Starting at the top of the records below, write out each line exactly as it stands, stopping after the line with "Első tengely: Gumiabroncs"; exclude the pictures.

▶ [Available records]
☆ ☆ ☆

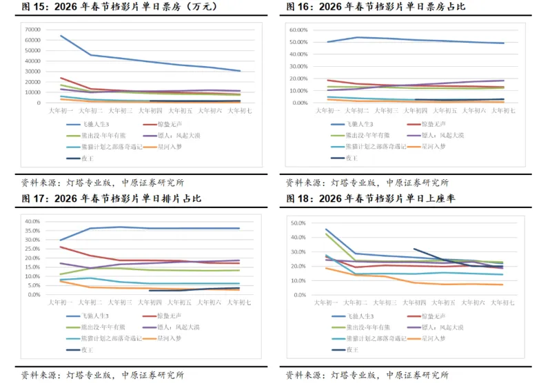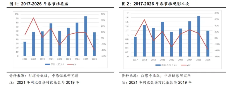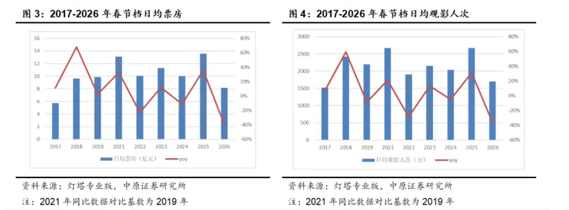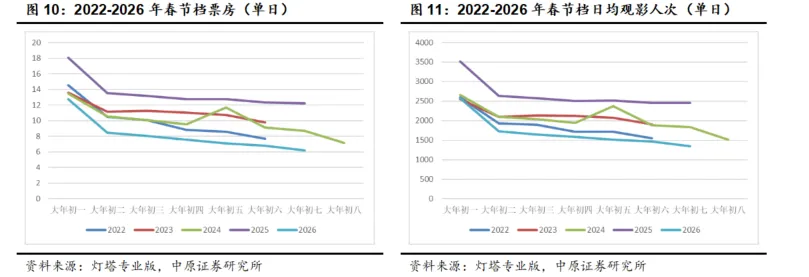 2026年春节档多项数据不仅比2025年有比较大幅度的回落,也处于2018年以来同档期较低位置,表现明显弱于市场预期。虽然整体的平均票价有所下降,但通过降价方式对于观影人次的拉动较为有限,原因在于:(1)2025年春节档在现象级破圈爆款影片《哪吒2》带动下各项数据创新高,存在基数压力;(2)2026年春节假期达到9天,居民出游需求增加,对观影需求造成分流或延后,结合国家移民管理局和文旅部数据,2026年春节假期全国出人次5.96亿,同比增加0.95亿,日均出入境197.7万人次,同比增加10.1%;(3)影片内容题材与档期需求存在偏差,部分严肃题材类型影片与假期氛围存在差异,如果无法实现有效的口碑发酵和圈层突破则难以带动观影需求;(4)短剧、漫剧以及短视频、游戏等免费或低体验成本的娱乐方式对高体验成本的电影领域形成分流。
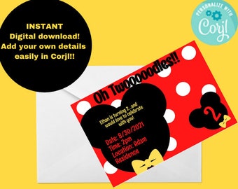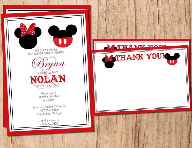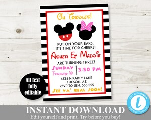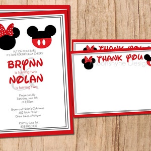 Mickey and Minnie Mouse Inspired Birthday Invitation Twin Sibling
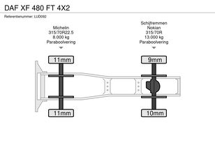 Első tengely: Gumiabroncs mérete: 315/70R22.5; Maximális tengelyterhelés: 8000 kg; Tengelyek gyártmánya: Michelin; Gumiabroncs profilja balra: 11 mm; Gumiabroncs profilja jobbra: 11 mm
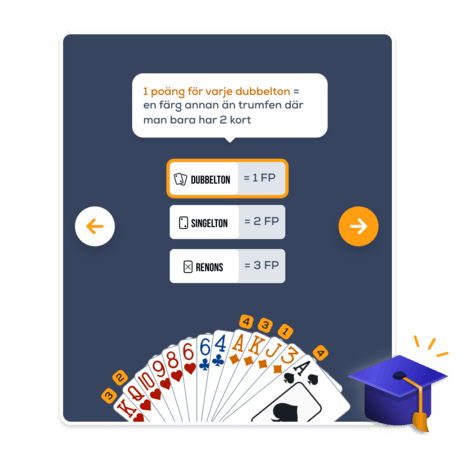Du kanske inte är bekant med bridgeterminologin just nu, men oroa dig inte. Våra bridgeexperter har jobbat hårt för att ge dig ett interaktivt, enkelt och intuitivt redskap så att du kan spela dina första bridgetävlingar utan problem!
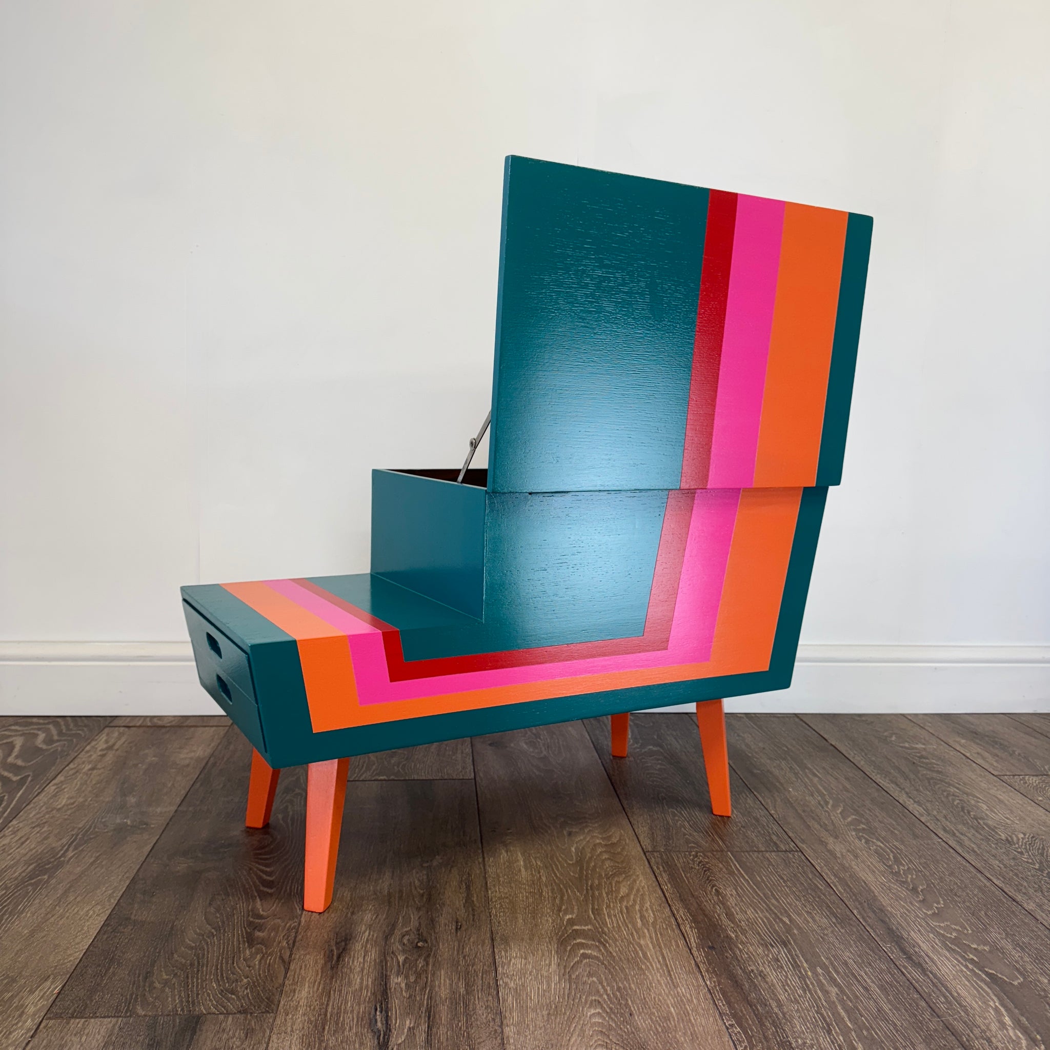 Upcycled mid-century modern furniture – a hand-painted sewing box turned bold statement piece for colourful homes.
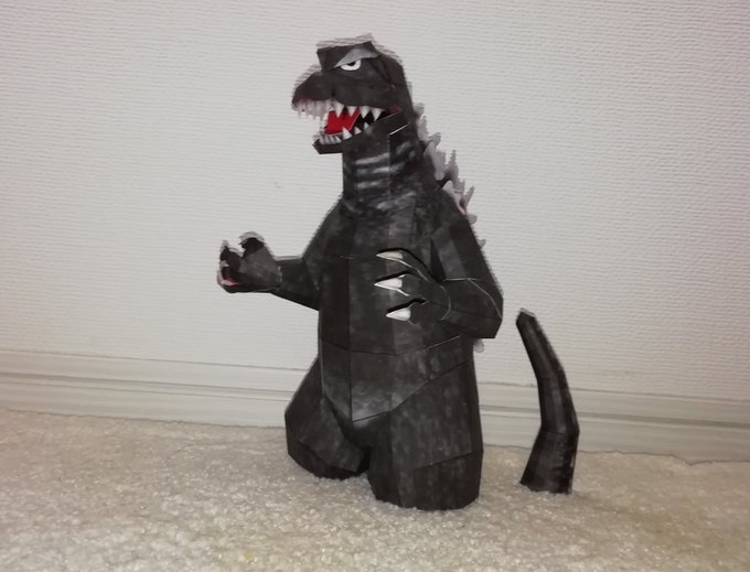 ゴジラのペーパークラフトです。モスラ対ゴジラの砂地から出現するあのシーンっぽく。 #ゴジラ #ペーパークラフト
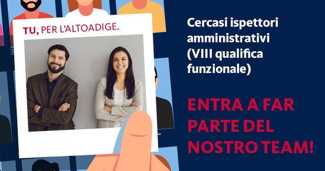 L’Ufficio Assunzioni personale della Provincia ha indetto un concorso pubblico per l’assunzione a tempo indeterminato di 5 ispettori amministrativi per gli uffici amministrativi. Ai candidati è richiesto l'adempimento di studi universitari almeno quadriennali (VIII qualifica funzionale). Tra gli altri requisiti d'accesso è necessario essere in possesso del patentino di bilinguismo C1 (ex patentino A) e dell'esame di ladino C1 per le persone ladine.
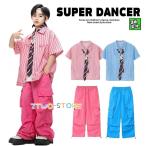 キッズダンス衣装 ヒップホップ 衣装 ピンク ブルー ストライプ柄 シャツ パンツ ダンス衣装 キッズ セットアップ 男の子 ガールズ 派手 K-POP 韓国
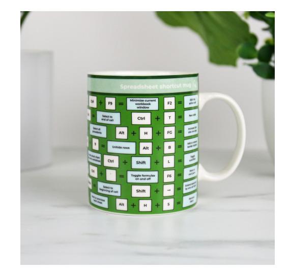 Do you know someone who loves a spreadsheets? Or do you know someone who spends most of their day looking at one but not getting much done? This mug makes the perfect gift, showing some of the most ingenious shortcuts the spreadsheet world has to offer.* DIMENSIONS: 12.5×10.5×9cm* INFO: 350ml / 12oz
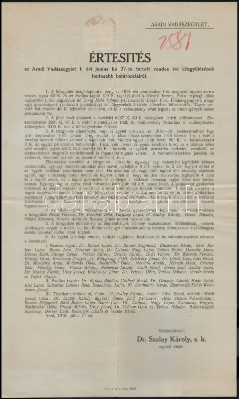 1918 Arad, Értesítés az Aradi Vadászegylet évi közgyűlésének fontosabb... https://www.darabanth.com/de/331-Fernauktion/331.0/Andere-Sammelgebiete/Drucksachen~500029/1918-Arad-Ertesites-az-Aradi-Vadaszegylet-evi-kozgyulesenek-fontosabb-hatarozatairol~II1828694
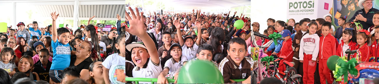 San Luis Potosí SLP.- El Altiplano potosino se llenó de color y vida con la celebración del Día de la Niñez en Real de Catorce y Matehuala, donde el Gobernador del Estado, Ricardo Gallardo Cardona, continuó con las convivencias en un ambiente de fiesta, y dónde ratificó el apoyo sin límite a las familias, especialmente a la infancia, que es el futuro del Estado.
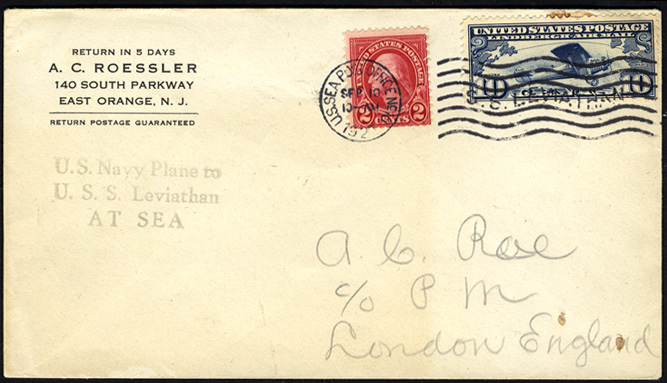 1927 (10 Sep) U.S. Sea Post Office with "U.S.Navy Plane to U.S.S. Leviathan at Sea" cachet, return address of A.C.Roessler, some toning, stamps with small faults, otherwise fine
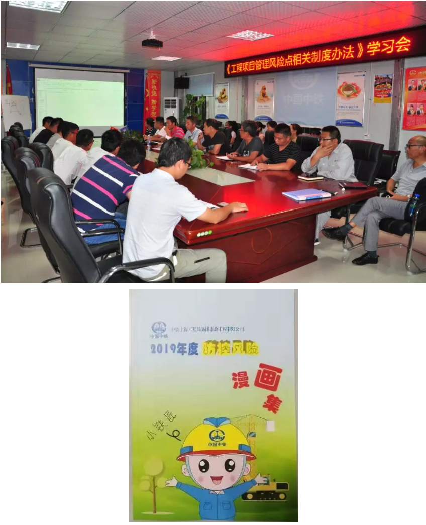 在深入推進風險防控過程中,針對10項風險19個風險點進行排查,以“一表兩單三報告”為主線,重點抓好管理風險點年度排查和每月風險防控情況自查工作。同時,每月支委會認真聽取各班子成員的風險防控檢查情況報告,及時研究部署具體風險點的防控措施和責任分工,確保將已發現風險隱患全部整改消除,持續鞏固防控風險工作成果。此外,項目黨支部印刷了風險防控漫畫和宣傳展板,以妙趣橫生的畫面和發人深省的對話,引導員工理解風險點,掌握防控措施,推動制度落地生根;還積極開展了黨風廉政建設主題活動,簽訂廉潔責任狀及廉潔承諾,共筑廉潔風險防線,營造了項目風清氣正的廉潔工作氛圍。

☆ ☆ ☆

▶ [The completed task]
 2026年春节档多项数据不仅比2025年有比较大幅度的回落,也处于2018年以来同档期较低位置,表现明显弱于市场预期。虽然整体的平均票价有所下降,但通过降价方式对于观影人次的拉动较为有限,原因在于:(1)2025年春节档在现象级破圈爆款影片《哪吒2》带动下各项数据创新高,存在基数压力;(2)2026年春节假期达到9天,居民出游需求增加,对观影需求造成分流或延后,结合国家移民管理局和文旅部数据,2026年春节假期全国出人次5.96亿,同比增加0.95亿,日均出入境197.7万人次,同比增加10.1%;(3)影片内容题材与档期需求存在偏差,部分严肃题材类型影片与假期氛围存在差异,如果无法实现有效的口碑发酵和圈层突破则难以带动观影需求;(4)短剧、漫剧以及短视频、游戏等免费或低体验成本的娱乐方式对高体验成本的电影领域形成分流。
 Mickey and Minnie Mouse Inspired Birthday Invitation Twin Sibling
 Első tengely: Gumiabroncs mérete: 315/70R22.5; Maximális tengelyterhelés: 8000 kg; Tengelyek gyártmánya: Michelin; Gumiabroncs profilja balra: 11 mm; Gumiabroncs profilja jobbra: 11 mm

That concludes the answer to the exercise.